* _PROVIDED DATA_
- - -

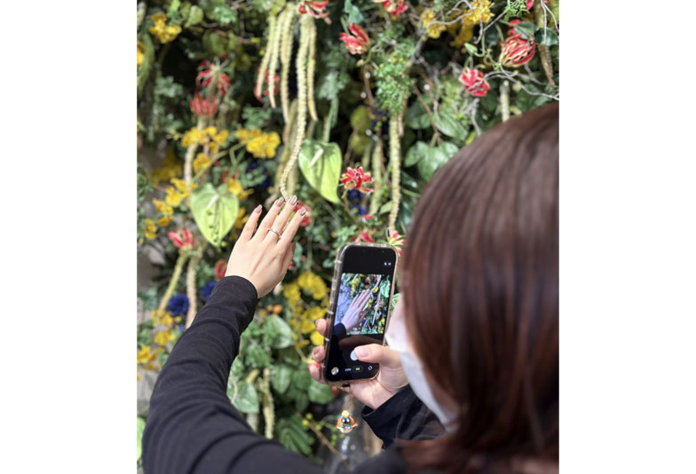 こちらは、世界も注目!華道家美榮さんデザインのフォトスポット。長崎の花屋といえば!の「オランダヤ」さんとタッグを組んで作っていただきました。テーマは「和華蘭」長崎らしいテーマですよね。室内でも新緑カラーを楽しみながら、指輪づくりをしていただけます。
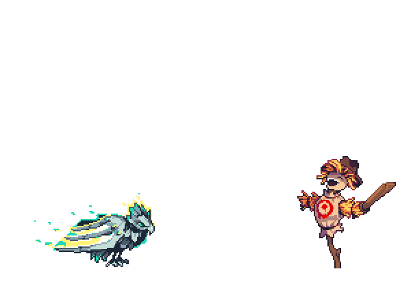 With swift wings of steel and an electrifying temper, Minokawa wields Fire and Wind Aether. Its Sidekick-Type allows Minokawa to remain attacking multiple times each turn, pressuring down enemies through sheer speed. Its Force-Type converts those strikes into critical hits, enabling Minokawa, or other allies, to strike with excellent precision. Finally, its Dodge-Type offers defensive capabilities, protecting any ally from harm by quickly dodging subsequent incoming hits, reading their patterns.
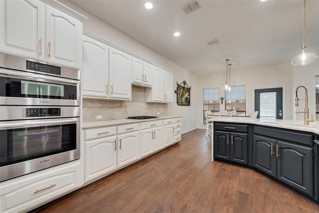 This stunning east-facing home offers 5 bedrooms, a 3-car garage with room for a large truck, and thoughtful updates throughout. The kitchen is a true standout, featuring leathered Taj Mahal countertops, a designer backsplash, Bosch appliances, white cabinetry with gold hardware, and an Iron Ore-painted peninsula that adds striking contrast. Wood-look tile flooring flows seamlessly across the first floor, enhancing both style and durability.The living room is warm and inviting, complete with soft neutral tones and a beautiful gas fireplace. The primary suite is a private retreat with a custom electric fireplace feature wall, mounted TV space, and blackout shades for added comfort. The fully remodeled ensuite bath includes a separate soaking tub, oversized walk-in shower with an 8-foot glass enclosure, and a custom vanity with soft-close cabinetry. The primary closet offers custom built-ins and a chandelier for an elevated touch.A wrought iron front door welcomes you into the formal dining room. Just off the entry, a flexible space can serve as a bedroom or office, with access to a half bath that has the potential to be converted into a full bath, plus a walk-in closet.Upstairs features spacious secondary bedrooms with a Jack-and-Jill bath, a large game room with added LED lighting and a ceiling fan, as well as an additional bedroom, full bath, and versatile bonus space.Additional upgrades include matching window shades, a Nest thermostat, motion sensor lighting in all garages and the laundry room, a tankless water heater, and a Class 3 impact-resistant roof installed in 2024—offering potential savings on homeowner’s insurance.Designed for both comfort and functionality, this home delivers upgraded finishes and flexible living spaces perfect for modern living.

- - -

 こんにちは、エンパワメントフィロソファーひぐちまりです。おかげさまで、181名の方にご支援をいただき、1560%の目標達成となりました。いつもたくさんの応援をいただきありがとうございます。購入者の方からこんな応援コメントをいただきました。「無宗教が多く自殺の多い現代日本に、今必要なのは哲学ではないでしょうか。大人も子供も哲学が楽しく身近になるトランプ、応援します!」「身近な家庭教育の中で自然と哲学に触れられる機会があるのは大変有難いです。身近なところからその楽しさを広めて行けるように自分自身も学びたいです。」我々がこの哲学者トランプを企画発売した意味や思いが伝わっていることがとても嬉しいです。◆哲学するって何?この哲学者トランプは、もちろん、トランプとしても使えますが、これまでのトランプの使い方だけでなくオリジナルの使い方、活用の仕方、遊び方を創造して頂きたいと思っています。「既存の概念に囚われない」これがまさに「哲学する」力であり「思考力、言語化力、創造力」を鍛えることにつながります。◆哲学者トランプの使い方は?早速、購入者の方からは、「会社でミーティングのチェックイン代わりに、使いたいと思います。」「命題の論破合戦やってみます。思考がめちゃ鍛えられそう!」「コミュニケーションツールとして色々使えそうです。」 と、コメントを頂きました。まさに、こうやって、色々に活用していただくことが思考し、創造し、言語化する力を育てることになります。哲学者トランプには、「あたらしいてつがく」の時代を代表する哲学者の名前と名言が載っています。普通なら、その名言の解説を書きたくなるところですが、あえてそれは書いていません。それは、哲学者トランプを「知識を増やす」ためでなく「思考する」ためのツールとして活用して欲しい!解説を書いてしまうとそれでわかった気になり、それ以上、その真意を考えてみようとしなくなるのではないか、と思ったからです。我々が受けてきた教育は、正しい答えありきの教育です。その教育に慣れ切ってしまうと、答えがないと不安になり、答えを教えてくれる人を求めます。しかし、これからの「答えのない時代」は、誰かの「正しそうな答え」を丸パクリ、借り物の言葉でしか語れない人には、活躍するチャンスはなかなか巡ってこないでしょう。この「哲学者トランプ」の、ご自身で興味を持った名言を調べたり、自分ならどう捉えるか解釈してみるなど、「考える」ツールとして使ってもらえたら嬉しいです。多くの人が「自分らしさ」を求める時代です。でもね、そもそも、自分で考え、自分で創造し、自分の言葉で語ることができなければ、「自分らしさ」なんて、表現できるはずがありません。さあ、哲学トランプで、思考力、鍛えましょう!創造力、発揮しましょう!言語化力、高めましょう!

- - -

* _TASK DESCRIPTION_
The answer is those lines of the material above that run from the one containing "こちらは、世界も注目!華道家" up to and including the one containing "With swift wings", restated exactly and without images.

* _FINISHED EXERCISE_
 こちらは、世界も注目!華道家美榮さんデザインのフォトスポット。長崎の花屋といえば!の「オランダヤ」さんとタッグを組んで作っていただきました。テーマは「和華蘭」長崎らしいテーマですよね。室内でも新緑カラーを楽しみながら、指輪づくりをしていただけます。
 With swift wings of steel and an electrifying temper, Minokawa wields Fire and Wind Aether. Its Sidekick-Type allows Minokawa to remain attacking multiple times each turn, pressuring down enemies through sheer speed. Its Force-Type converts those strikes into critical hits, enabling Minokawa, or other allies, to strike with excellent precision. Finally, its Dodge-Type offers defensive capabilities, protecting any ally from harm by quickly dodging subsequent incoming hits, reading their patterns.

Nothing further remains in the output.